NU Online News Service, Sept. 1, 2:50 p.m. EDT
A new withholding law will have punitive repercussions for financial-services companies that violate reporting requirements of U.S. citizens who invest in either non-U.S. financial accounts or non-U.S. entities, according to a report from PricewaterhouseCoopers.
The Foreign Account Tax Compliance Act (FATCA), which is set to take effect Dec. 31, 2012, will subject institutions to a 30 percent withholding tax on any “withholdable payment” on both non-U.S. and U.S. financial institutions that fail to make the required reporting and obtain proper documentation.
However, the definition of “withholdable” payment “is broad and includes not only interest, dividends, rents and other U.S.-source passive income, but also the gross proceeds on the sale or disposition of property that could produce U.S.-source interest or dividend income,” the 10-page report says.
The primary reason for concern, the report says, is that creating the process for compliance “will take 12-18 months.”

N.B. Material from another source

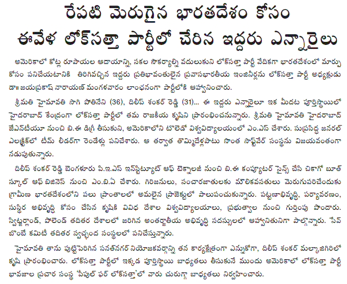 At 5-00 p.m., there will be a public meeting at Sundaraiah Vignana Kendram in Bagh Lingampalli. Dr. JP, K.Nageswar, (M.L.C.), K.Ramachandra Murthy (HMTV Editor-in-Chief) and movie directors S. S. Rajamouli, Tammareddy Bharadhwaja will participate.

Guidance from the Treasury Department has been focused on banking, but the insurance industry “will be challenged to adapt quickly and move forward with implementation as more guidance becomes available,” the report says.
Insurers have some time because the Treasury and Internal Revenue Service have decided FATCA withholding should be phased in with no obligation to begin the withholding until Jan. 1, 2014.

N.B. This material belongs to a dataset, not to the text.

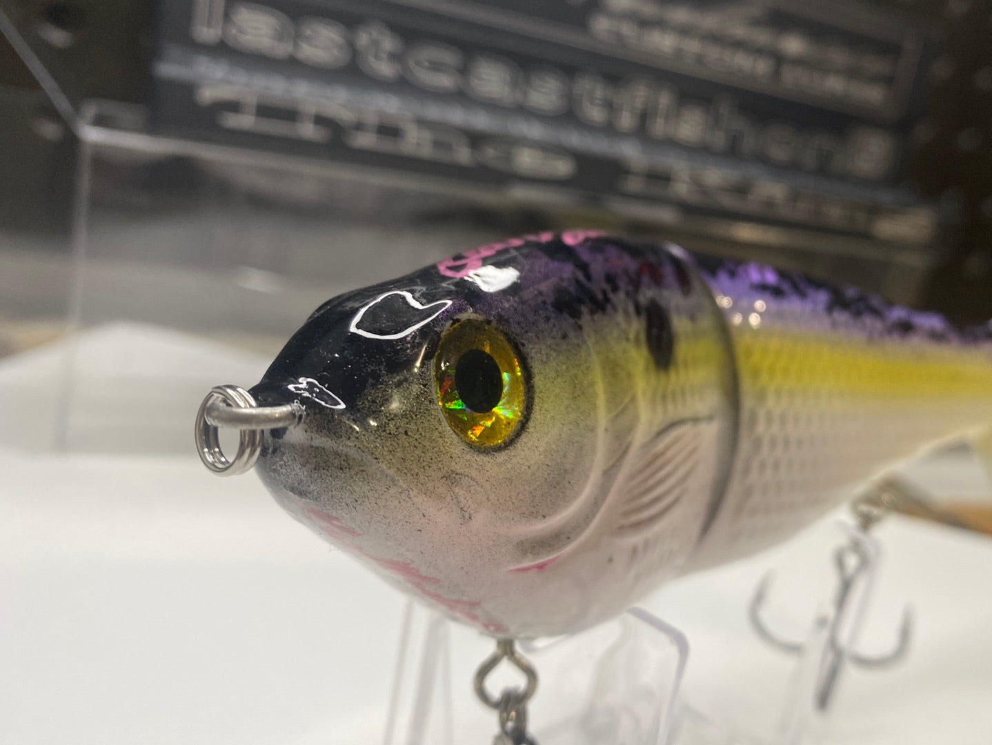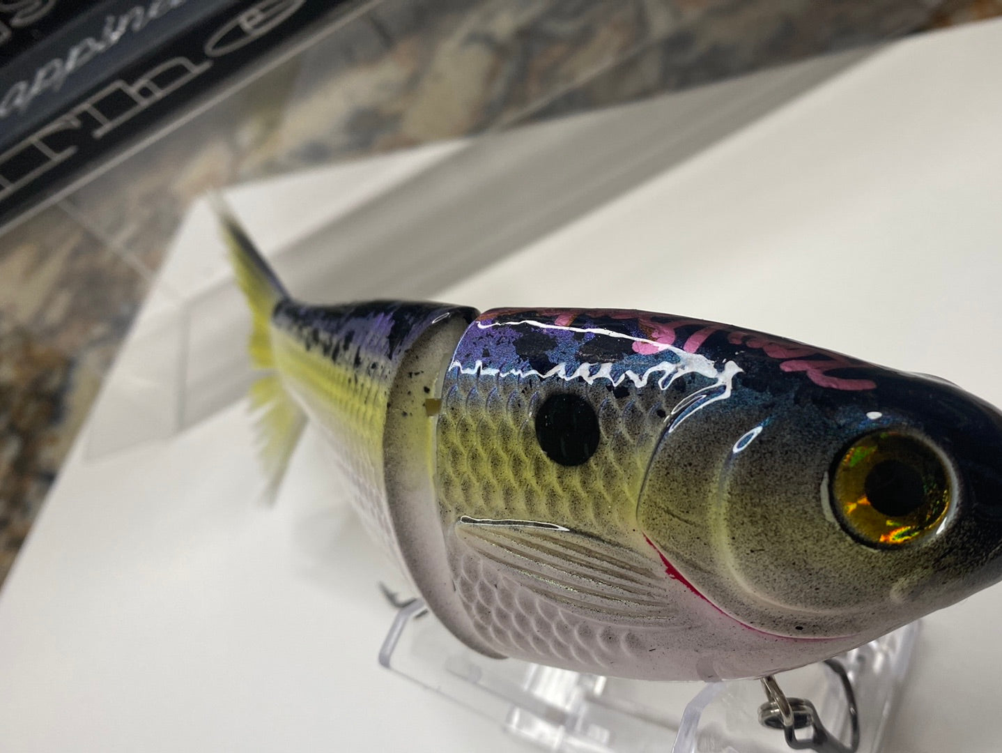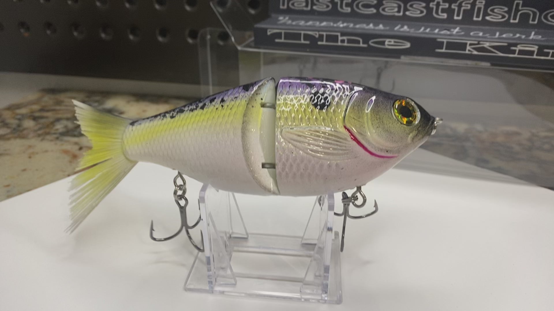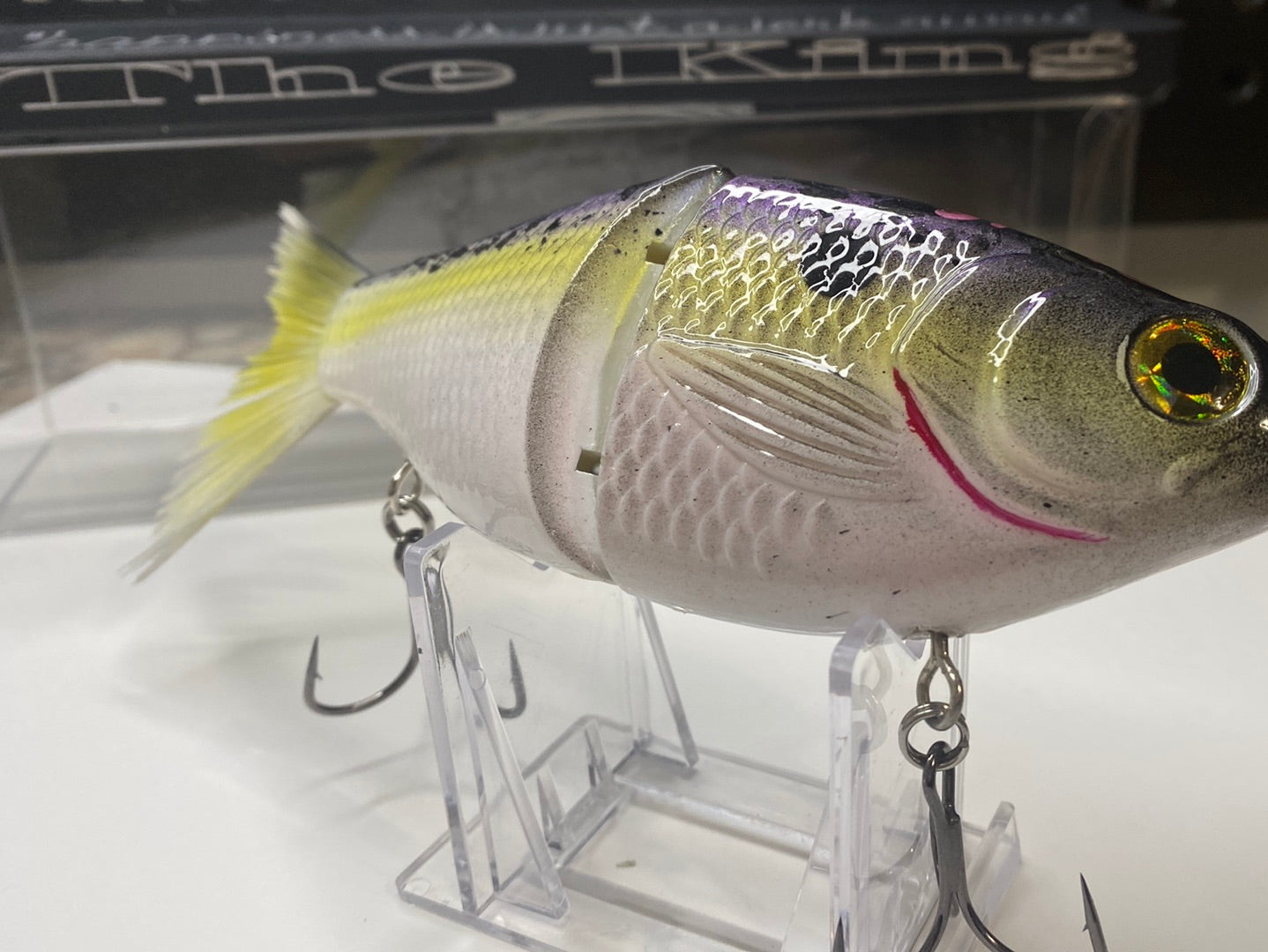 7 inch, 2.1 oz, slow sinking, 2 segments with rattling balls, swiveling front and rear hook hangers, colors shift depending on the light or angle, Mustad KVD hooks, Stainless steel split rings.
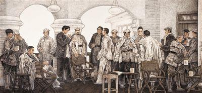 1927年8月1日,由中国共产党在江西南昌发起的针对中国国民党反共政策的武装起义,称为“南昌起义”。作者将人物和建筑平面铺开,营造了一个既恢宏大气又疏密有致的总体效果。领袖人物被安排在台阶上,左右两群士兵的表现费尽思量,不管是服饰、兵器,还是发型、动作,各有千秋、异中求同。作者巧妙地将步枪作为最重要的道具,枪的密集不仅使拥挤的人群有了共通的媒介,而且高举向上的枪支形成了一股股向上升腾的气势,将士兵们兴奋之情渲染得有声有色,富有寓意;举重若轻的笔墨处理使画面摆脱了以往历史画过于沉重的负担,视觉上更加符合现代人的审美。

While Treasury is still soliciting comments and developing guidelines, the report notes that insurers face “specific challenges” due to the limited-contact relationship between insurer and policyholder.
“Companies may need to change how and how often they interact with their policyholders,” the report suggests.
Opening new accounts may also require more documentation and follow-up with customers to make sure they remain up-to-date.
PwC says life products, such as annuities and life products with cash values, are most likely to fall under the umbrella of the new regulations.
Group retirement and pension and group benefit plans without cash value would “probably” be out of the scope of the new regulations.
Property and casualty, reinsurance and term life products would “most likely” be out of the scope of the new regulation.
The report says that in a March survey of 685 firms, more than half say they are assessing the issue over the next few months and 17 percent say they had completed an assessment already.
Of the 17 percent, 85 percent say they believe “their FATCA compliance effort will be significant.”